While New York City currently promotes the need for more Minority and Women Owned Business Enterprises (MWBE), certification wasn’t as easy back in the early 1990s.

“When we went to Livingston Street in Brooklyn to get interviewed, it was just an incredible process. Every single agency came down for an interview. They don’t do that anymore,” said the president of Total Electrical Distributors Inc.

“We were definitely more determined to get certified. We had the business already, so why give up? It took us a few years, but we got it,” said Schwartz.

The third-generation business dates almost 100 years to Brooklyn as Schwartz’s grandfather, Benjamin Schwartz, started Flatbush Lighting Fixture Company in 1922 before moving a few years later to the corner of Coney Island Avenue and Avenue P. Her father, Harold Schwartz, joined the business after he got out of the U.S. Navy and Lenore entered in 1982.

Schwartz and her sister Wendie incorporated Total Electrical Distributors in 1989 to become a women-owned business and made the big move the following year when they sold the Brooklyn property and purchased the current 30,000-square foot warehouse on South Avenue in Mariners Harbor. In the early 2000s, Schwartz took over sole ownership when she bought out her sister once she moved away.

“I really don’t remember who told us about the certification, but we knew it was the right decision. Some of the agencies said if we could get certified, then maybe we could get discretional business. So, it became very important for us to get certified as a women-owned business,” recalled the former Lou Miller Business Leadership Award winner.

That decision paid off as Total Electrical Distributors Inc. – which is certified as a Women Business Enterprise (WBE) and Disadvantaged Business Enterprise (DBE) — provides electrical supplies to the tri-state area and beyond, listing the School Construction Authority, the Metropolitan Transit Authority, and the Port Authority of New York and New Jersey among its many clients. The company has furnished equipment recently during the construction of the Goethals, Bayonne, Kosciuszko, and Gov. Mario Cuomo bridges as well as the South Ferry Terminal.

With so many components involved with those massive projects, Schwartz said she is proud knowing she played a role in those jobs and with some ongoing major construction in the borough.

Schwartz cites her husband and industrial designer Noah Schechtel for his help with the business as well as the Staten Island Chamber of Commerce, as she celebrates her 25th anniversary with the organization.

“My dad and I were presidents of the Kings Highway Board of Trade, which is kind of like a Chamber. We knew the Staten Island Chamber of Commerce was a positive organization to belong to.

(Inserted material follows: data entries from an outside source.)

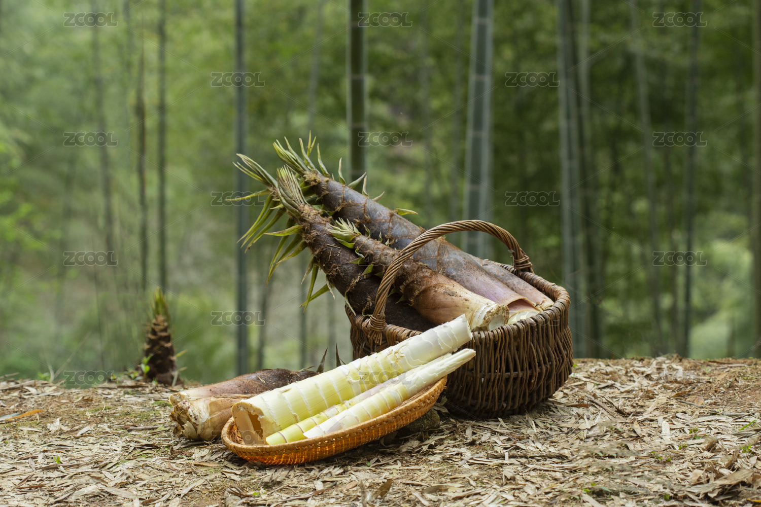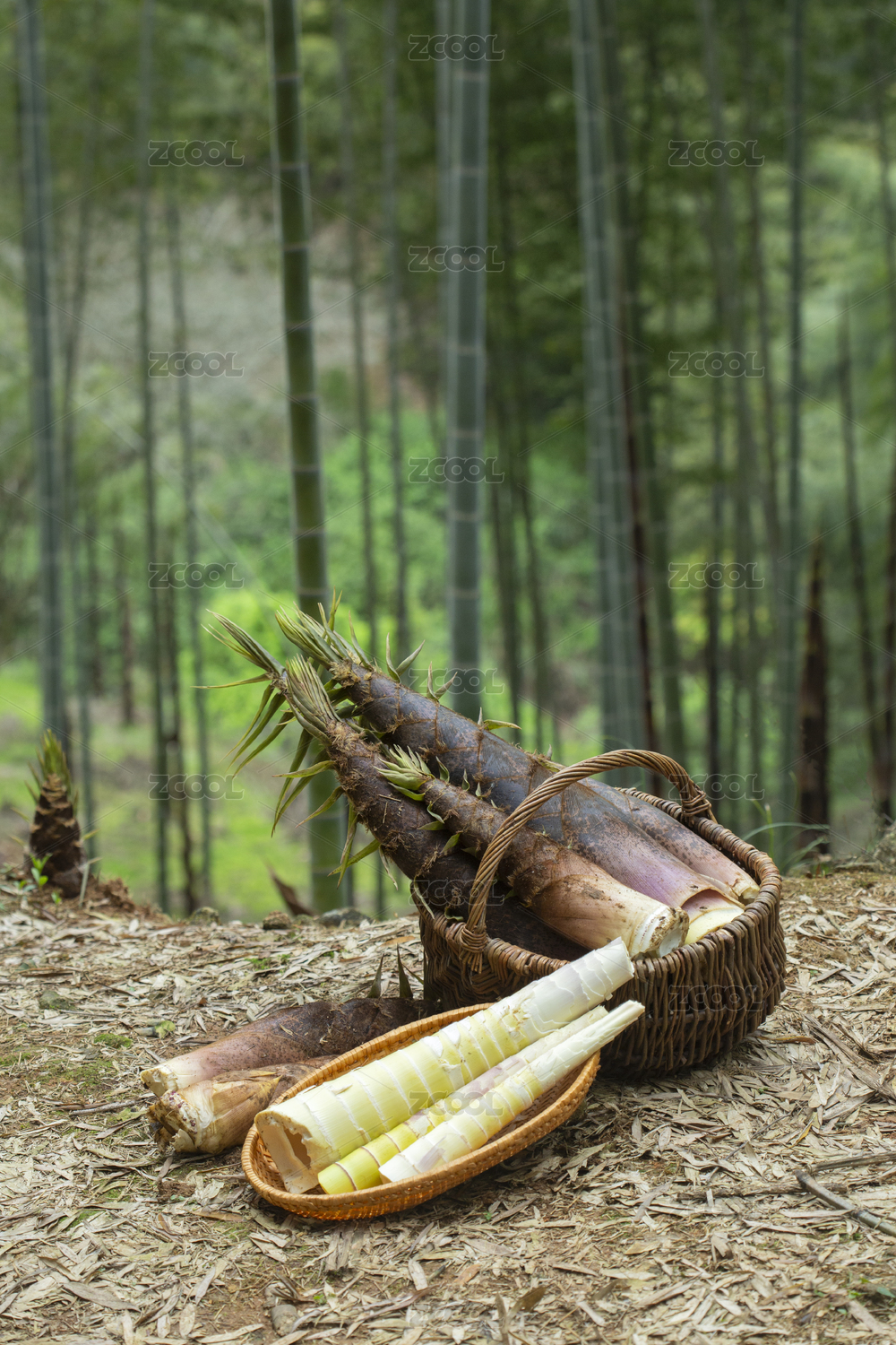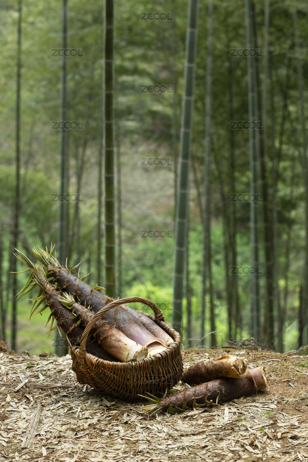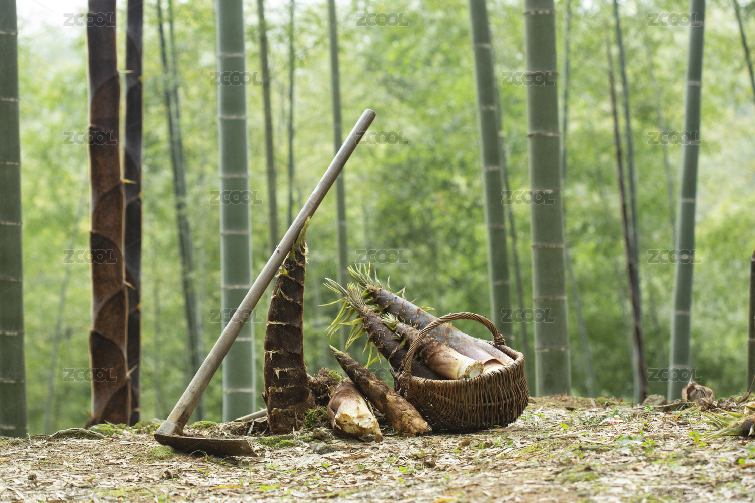 春天竹林一篮春笋竹笋挖笋
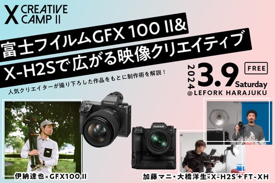 加藤さんと大橋さんには、3月9日(土)に開催するイベント「X CREATIVE CAMP II」(イベント詳細は下記参照)にて、X-H2SとFT-XHを活用したミュージックビデオの撮影の裏側とミュージックビデオの制作フロー、実際に作品制作を通じて感じたX-H2SやXレンズ、マルチレック機能の魅力などについてお話いただきます。
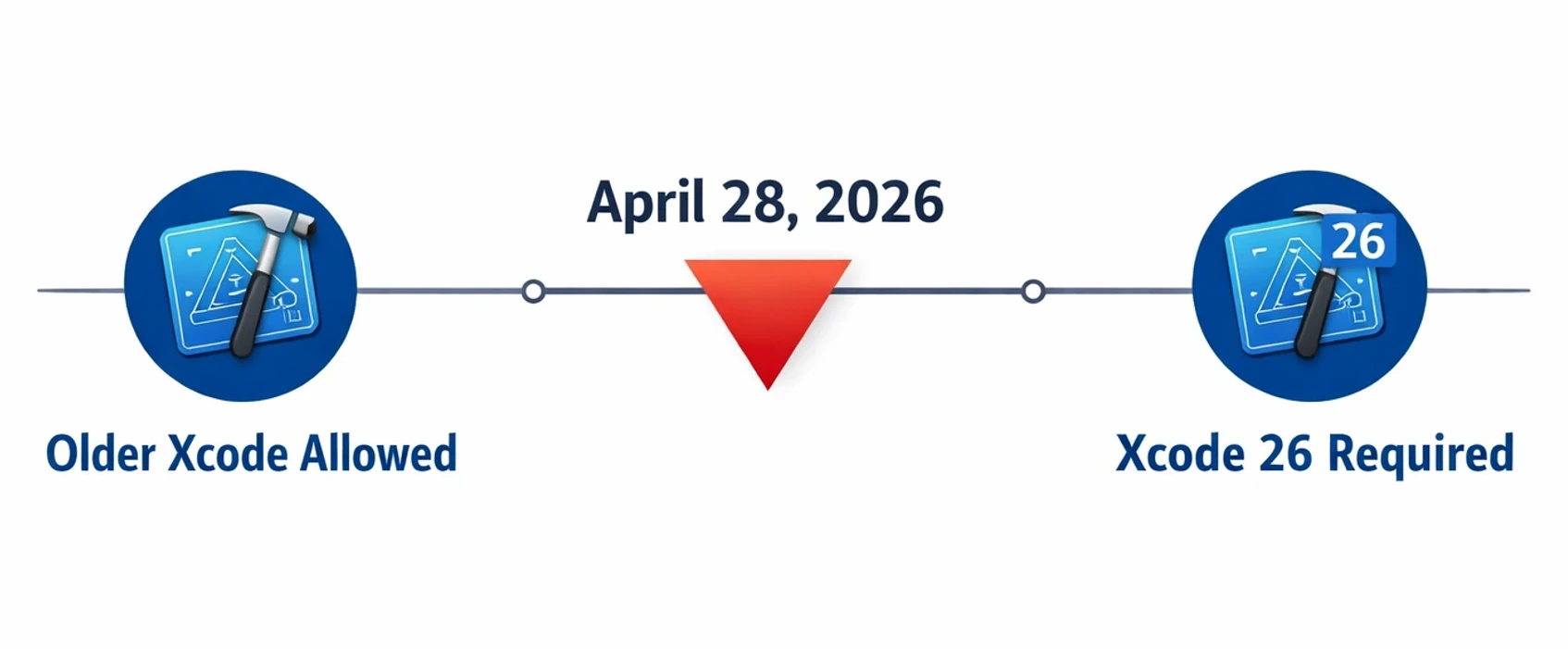Apple has explicitly set Xcode 26 as the minimum for uploads starting April 28, 2026. If your CI is pinned to older Xcode images, you’ll hit an immediate submission blocker.
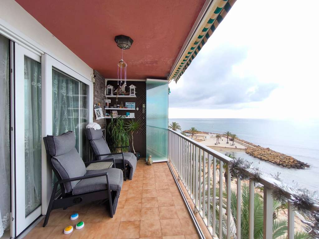 Este espectacular piso de tres habitaciones es el hogar ideal para aquellos que buscan disfrutar de la vida junto al mar. Situado en primera línea del mar y a pocos pasos del paseo marítimo de Torrevieja, este luminoso apartamento cuenta con un amplio salón que se abre a un balcón con vistas frontales al mar, donde podrás disfrutar de impresionantes amaneceres y atardeceres. La cocina independiente está totalmente equipada, perfecta para preparar deliciosas comidas. El dormitorio principal cuenta con baño en suite, brindando comodidad y privacidad, mientras que las otras dos habitaciones son espaciosas y luminosas. Además, dispone de un segundo baño, ideal para visitas.
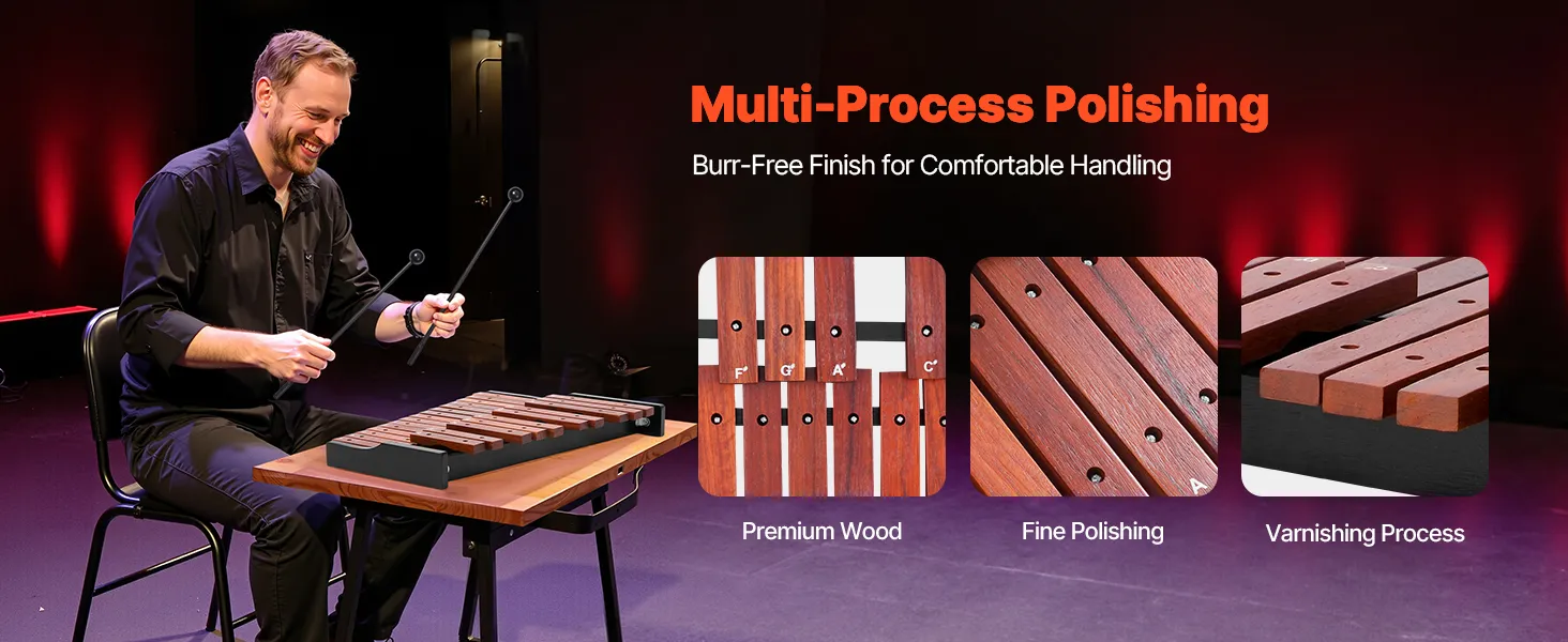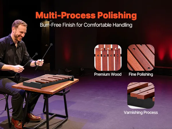 Wykwintne wykonanie: Drewniana rama ksylofonu glockenspiel jest polerowana w kilku etapach szlifowania, a następnie pokryta bezbarwnym lakierem, aby uzyskać gładką, pozbawioną zadziorów powierzchnię. Jest nie tylko bezpieczna w użyciu, ale również atrakcyjna wizualnie i charakteryzuje się wysoką jakością wykonania.
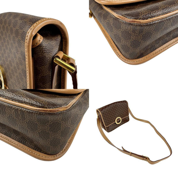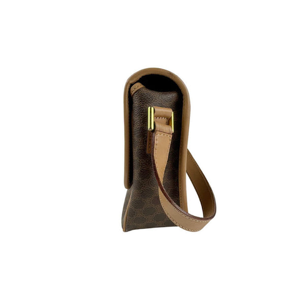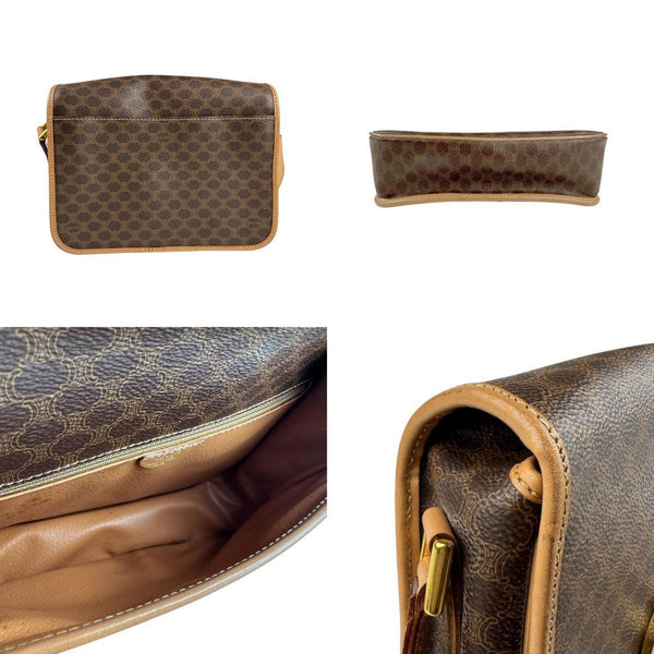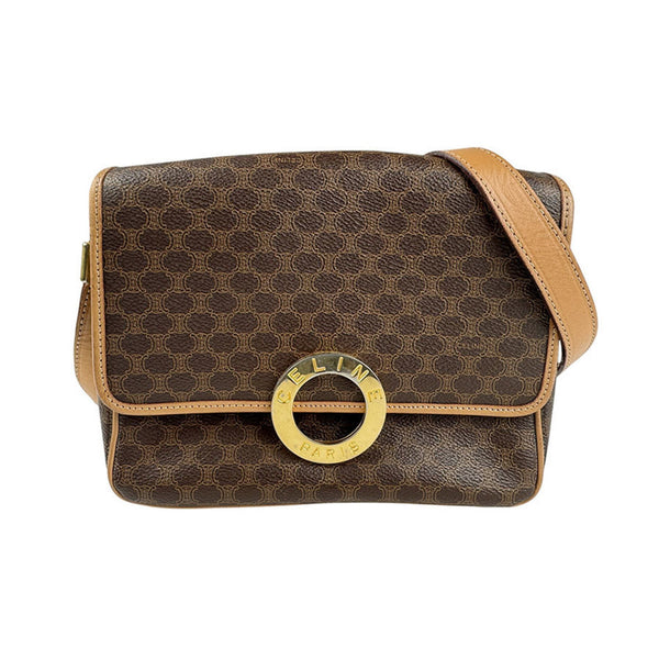 Celine Shoulder Bag, Macadam Leather, Brown and Gold, Women's, Z6030

We knew if we needed help, they could give that to us. It was a no-brainer,” she said.

Through the years, Schwartz has counted on Chamber workshops, seminars, and events to help promote and grow her business.

“It definitely helped me network and build more contacts,” she said. “If people say to me they’re not a member of the Chamber, I’ll ask, ‘Why not?’ You can get a lot of benefits,” she said.